**REQUIRED ACTION**
Could you repeat every line below exactly, skipping the images?

**INPUT MATERIAL**
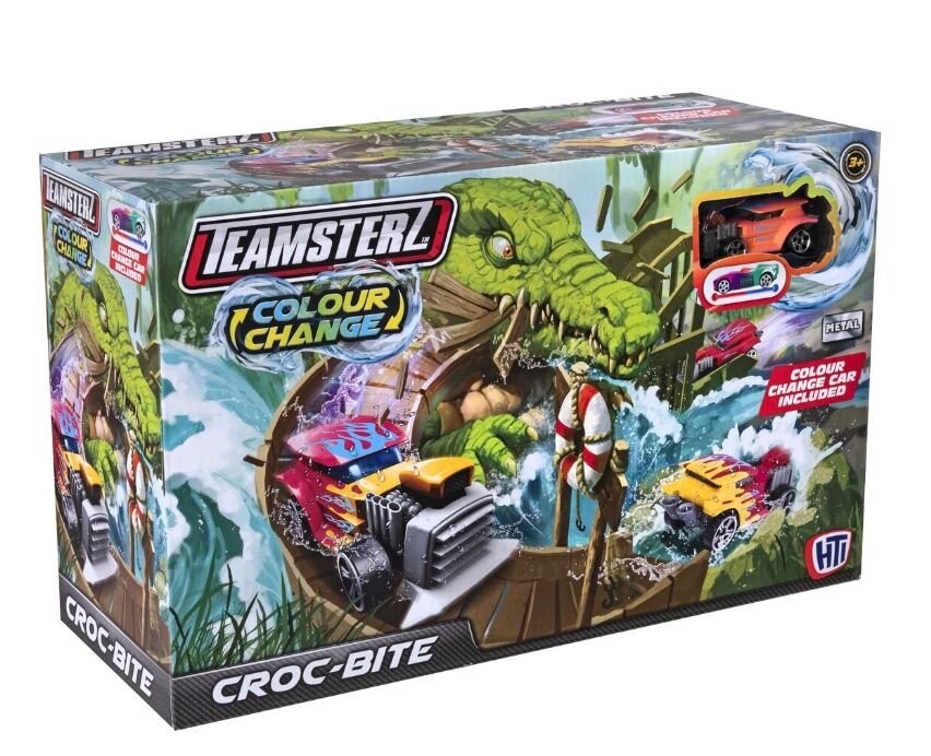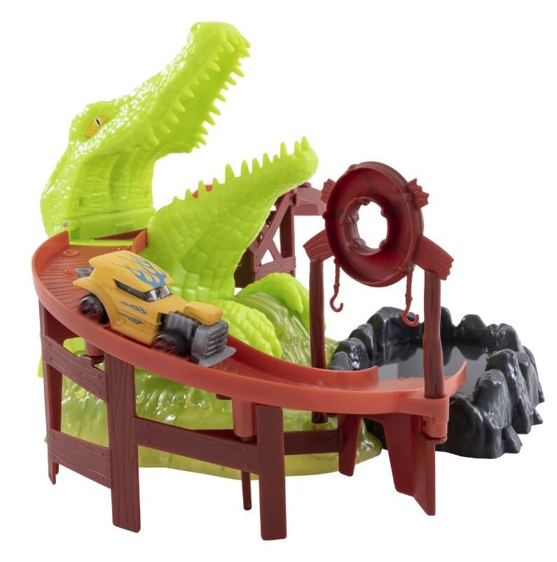 Автомобильная трасса Crocodile Jaws — очень увлекательная поездка! В середине трассы стоит челюсть крокодила, готовая съесть машину. В самом конце трассы находится лужа с водой, из-за которой автомобили из металла меняют цвет краски под воздействием горячей/холодной жидкости! Машина адаптирована к маленьким ручкам ребенка. Это отличный товар для маленького водителя, развивающий моторику.
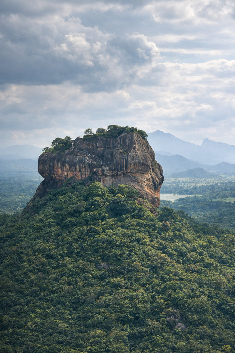 Сигирия — это древняя крепость , построенная на вершине огромной скалы посреди джунглей.
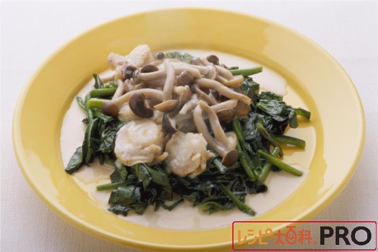 Aでサッとゆでたほうれん草を皿に盛り、(1)の帆立貝柱をのせ、(2)のソースを全体に回しかける。
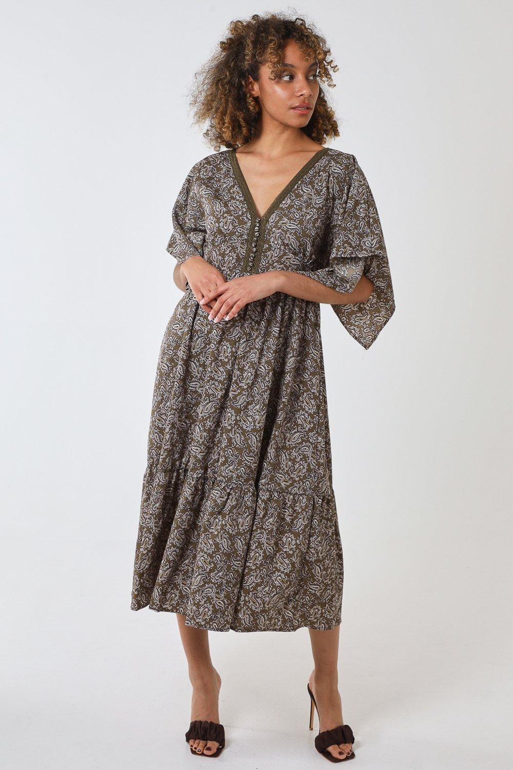 Платье-кимоно с рукавами и бюстом крючком Blue Vanilla, хаки
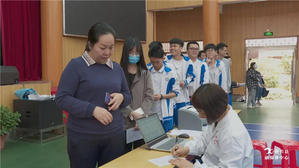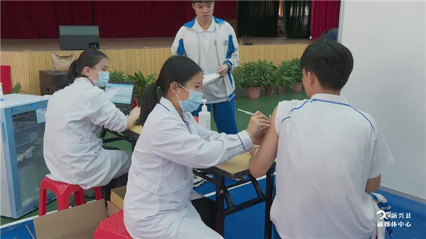 在新兴一中,记者看到医务人员正在为师生注射疫苗,其他等候的人员有序排队等待接种,共有1100余名师生接种疫苗。
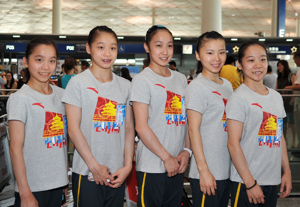 圖:體操女隊成員姚金男(左起)、眭祿、黃秋爽、何可欣和鄧琳琳,準備出發前往倫敦/新華社
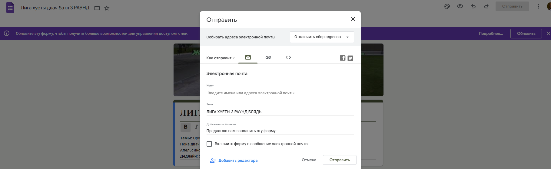 >>1047671 Один голос основного эмце. Можешь добавлять другие как будто это фит >>1047669 Бля так на всех батлах было, но я там галочку не собирать адреса нажал так что все ок
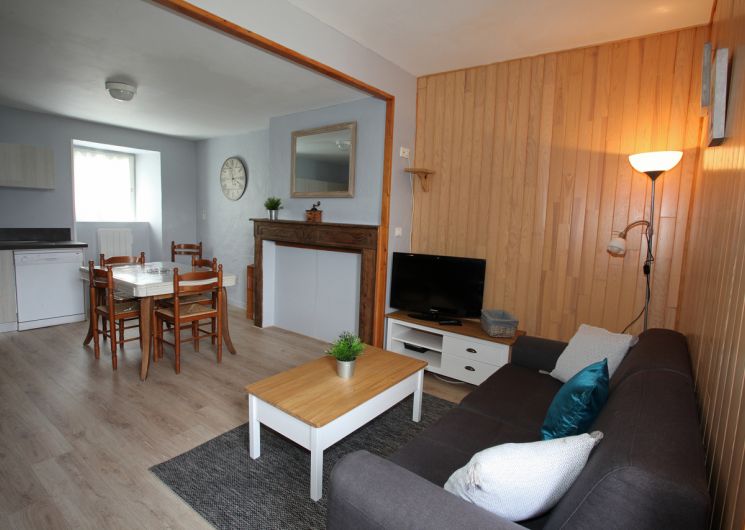 Appartement de 61m² pour 6 personnes comprenant : Au Rdc : un salon ouvert sur la cuisine (réfrigérateur/congélateur, four, micro-ondes, plaque induction, lave linge, lave vaisselle, TV), un coin nuit avec 1 lit en 140, une salle d’eau avec douche et lavabo. WC indépendant. A l’étage : une chambre avec 1 lit en 140 et une autre avec 2 lits en 90. La location bénéficie d’une cour non clôturée avec salon de jardin.
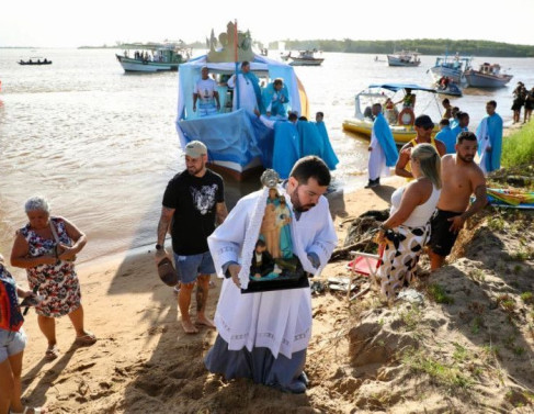 Na segunda-feira, data em que é celebrado o dia da santa, o ponto alto foi a procissão terrestre, com participação de milhares de fiéis e devotos de municípios de vários estados, agradecendo as graças alcançadas e fazendo promessas.
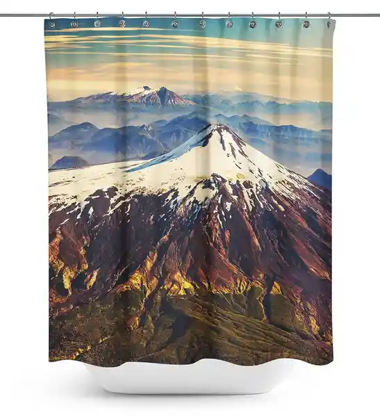 Cortina de Baño Volcán Villarrica Volcán Villarrica: Ubicado Entre Los Lagos Villarrica y Calafquén es Uno de Los Volcanes Con Mayor Registro Históricos de Erupciones de Sudamérica. Su Forma Cónica Casi Perfecta Permite Reconocerlo Desde la Distancia. Posee un Cráter Abierto de 200 Metros de Diámetro Con Una Fumarola Continua y un Lago de Lava Cuasi Permanente. A Sus Pies se Encuentra la Ciudad de Pucón. Incluye: 1 Cortina y 12 Ganchos Plásticos. Material: Poliéster Tamaño: 180 x 180 cm
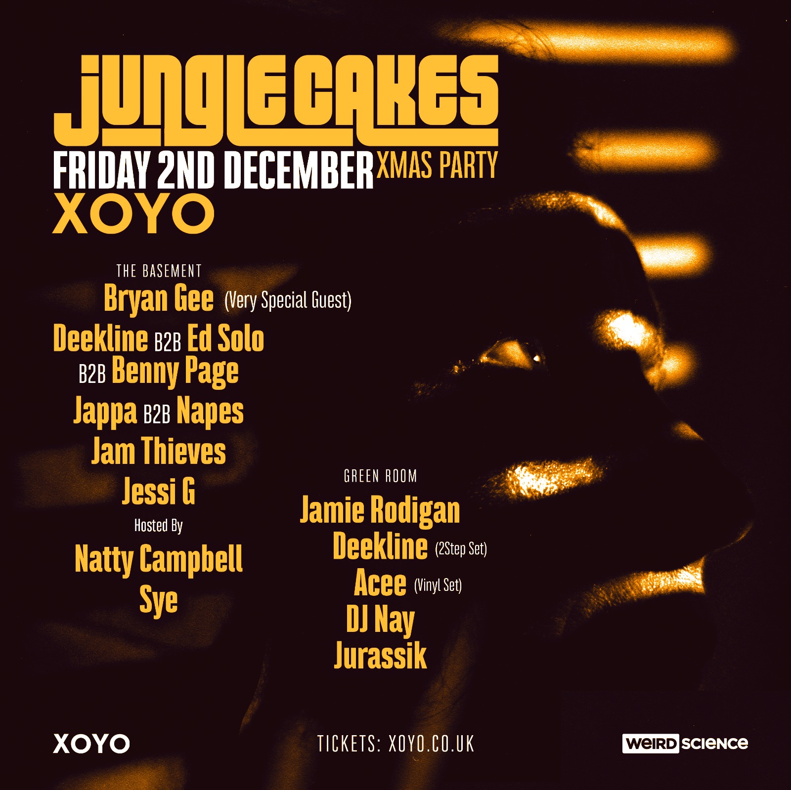 Fire up the klaxons and get primed for a festive junglist bangarang hotter than the seasonal goose’s giblets and ruffer than your nan after one too many office Christmas parties.September’s XOYO debut was so off the hook we’re bringing our annual Jungle Cakes Xmas Party to Shoreditch’s coolest space. Joining label head honchos Ed Solo and Deekline this time around will be the big man Benny Page, junglist young gun and man-of-the-moment Napes, Brazil’s mighty Jam Thieves, the incredible Jappa, queen of the jungle Jessi G and Very Special Guest Bryan G. In XOYO’s upstairs room we’re going eclectic with dancehall and raggamuffin jungle from Jamie Rodigan, an exclusive 2-step set from Deekline (who most definitely never smokes da reefa) DJ Nay, Acee and Jurassik. See you down the front and don’t forget your Santa hats for what promises to be a festive festival of raggamuffin pressure and breakneck culture vibes.
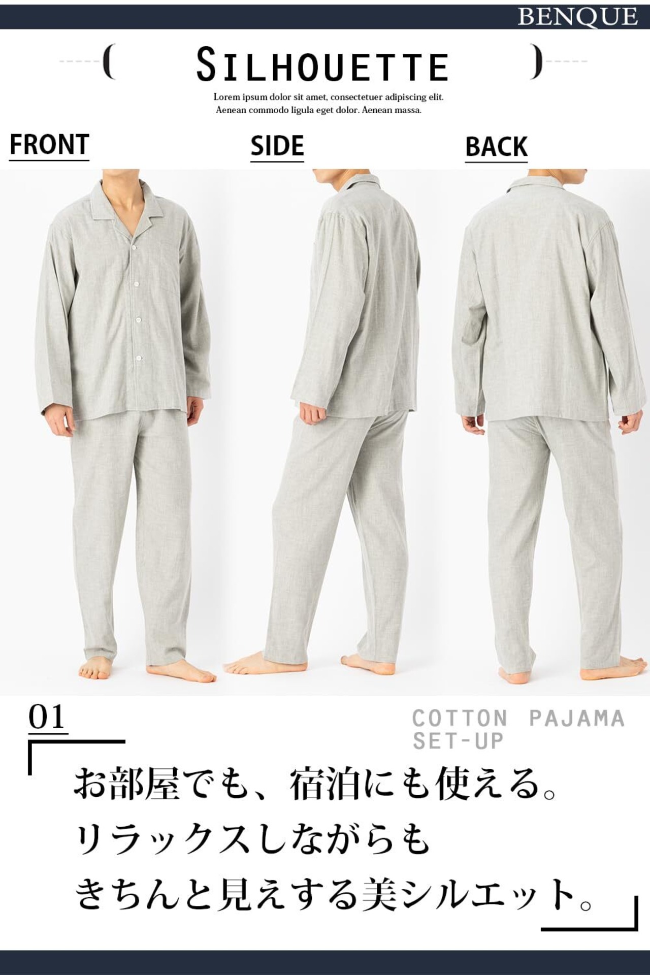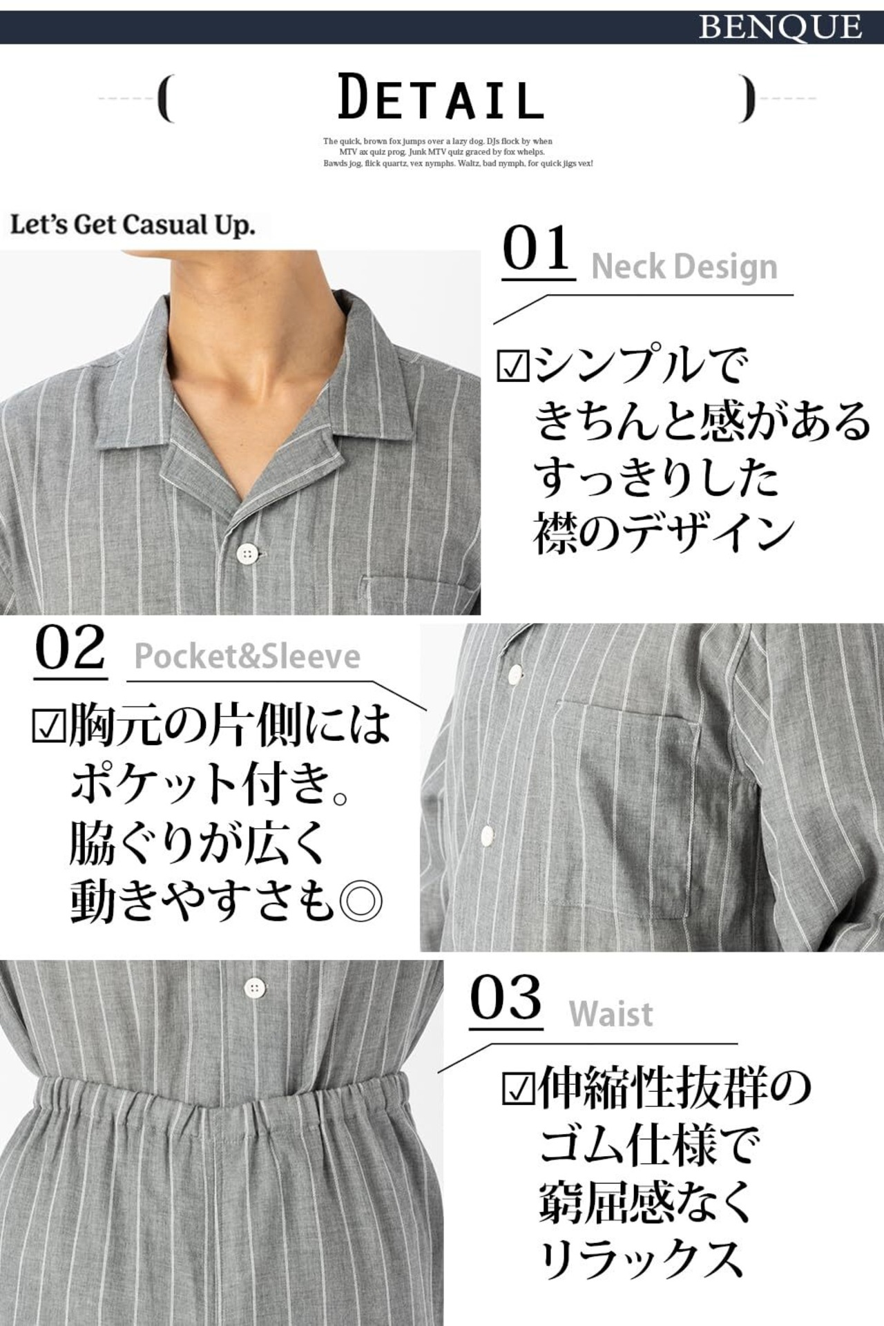 【きちんと見せる襟付きデザイン】清潔感があり、スタイリッシュな襟付きデザインなので朝のゴミ出しや、急な宅配便にもパジャマのままでOK!出張やお泊りにもおすすめです。

**WRITTEN REPLY**
 Автомобильная трасса Crocodile Jaws — очень увлекательная поездка! В середине трассы стоит челюсть крокодила, готовая съесть машину. В самом конце трассы находится лужа с водой, из-за которой автомобили из металла меняют цвет краски под воздействием горячей/холодной жидкости! Машина адаптирована к маленьким ручкам ребенка. Это отличный товар для маленького водителя, развивающий моторику.
 Сигирия — это древняя крепость , построенная на вершине огромной скалы посреди джунглей.
 Aでサッとゆでたほうれん草を皿に盛り、(1)の帆立貝柱をのせ、(2)のソースを全体に回しかける。
 Платье-кимоно с рукавами и бюстом крючком Blue Vanilla, хаки
 在新兴一中,记者看到医务人员正在为师生注射疫苗,其他等候的人员有序排队等待接种,共有1100余名师生接种疫苗。
 圖:體操女隊成員姚金男(左起)、眭祿、黃秋爽、何可欣和鄧琳琳,準備出發前往倫敦/新華社
 >>1047671 Один голос основного эмце. Можешь добавлять другие как будто это фит >>1047669 Бля так на всех батлах было, но я там галочку не собирать адреса нажал так что все ок
 Appartement de 61m² pour 6 personnes comprenant : Au Rdc : un salon ouvert sur la cuisine (réfrigérateur/congélateur, four, micro-ondes, plaque induction, lave linge, lave vaisselle, TV), un coin nuit avec 1 lit en 140, une salle d’eau avec douche et lavabo. WC indépendant. A l’étage : une chambre avec 1 lit en 140 et une autre avec 2 lits en 90. La location bénéficie d’une cour non clôturée avec salon de jardin.
 Na segunda-feira, data em que é celebrado o dia da santa, o ponto alto foi a procissão terrestre, com participação de milhares de fiéis e devotos de municípios de vários estados, agradecendo as graças alcançadas e fazendo promessas.
 Cortina de Baño Volcán Villarrica Volcán Villarrica: Ubicado Entre Los Lagos Villarrica y Calafquén es Uno de Los Volcanes Con Mayor Registro Históricos de Erupciones de Sudamérica. Su Forma Cónica Casi Perfecta Permite Reconocerlo Desde la Distancia. Posee un Cráter Abierto de 200 Metros de Diámetro Con Una Fumarola Continua y un Lago de Lava Cuasi Permanente. A Sus Pies se Encuentra la Ciudad de Pucón. Incluye: 1 Cortina y 12 Ganchos Plásticos. Material: Poliéster Tamaño: 180 x 180 cm
 Fire up the klaxons and get primed for a festive junglist bangarang hotter than the seasonal goose’s giblets and ruffer than your nan after one too many office Christmas parties.September’s XOYO debut was so off the hook we’re bringing our annual Jungle Cakes Xmas Party to Shoreditch’s coolest space. Joining label head honchos Ed Solo and Deekline this time around will be the big man Benny Page, junglist young gun and man-of-the-moment Napes, Brazil’s mighty Jam Thieves, the incredible Jappa, queen of the jungle Jessi G and Very Special Guest Bryan G. In XOYO’s upstairs room we’re going eclectic with dancehall and raggamuffin jungle from Jamie Rodigan, an exclusive 2-step set from Deekline (who most definitely never smokes da reefa) DJ Nay, Acee and Jurassik. See you down the front and don’t forget your Santa hats for what promises to be a festive festival of raggamuffin pressure and breakneck culture vibes.
 【きちんと見せる襟付きデザイン】清潔感があり、スタイリッシュな襟付きデザインなので朝のゴミ出しや、急な宅配便にもパジャマのままでOK!出張やお泊りにもおすすめです。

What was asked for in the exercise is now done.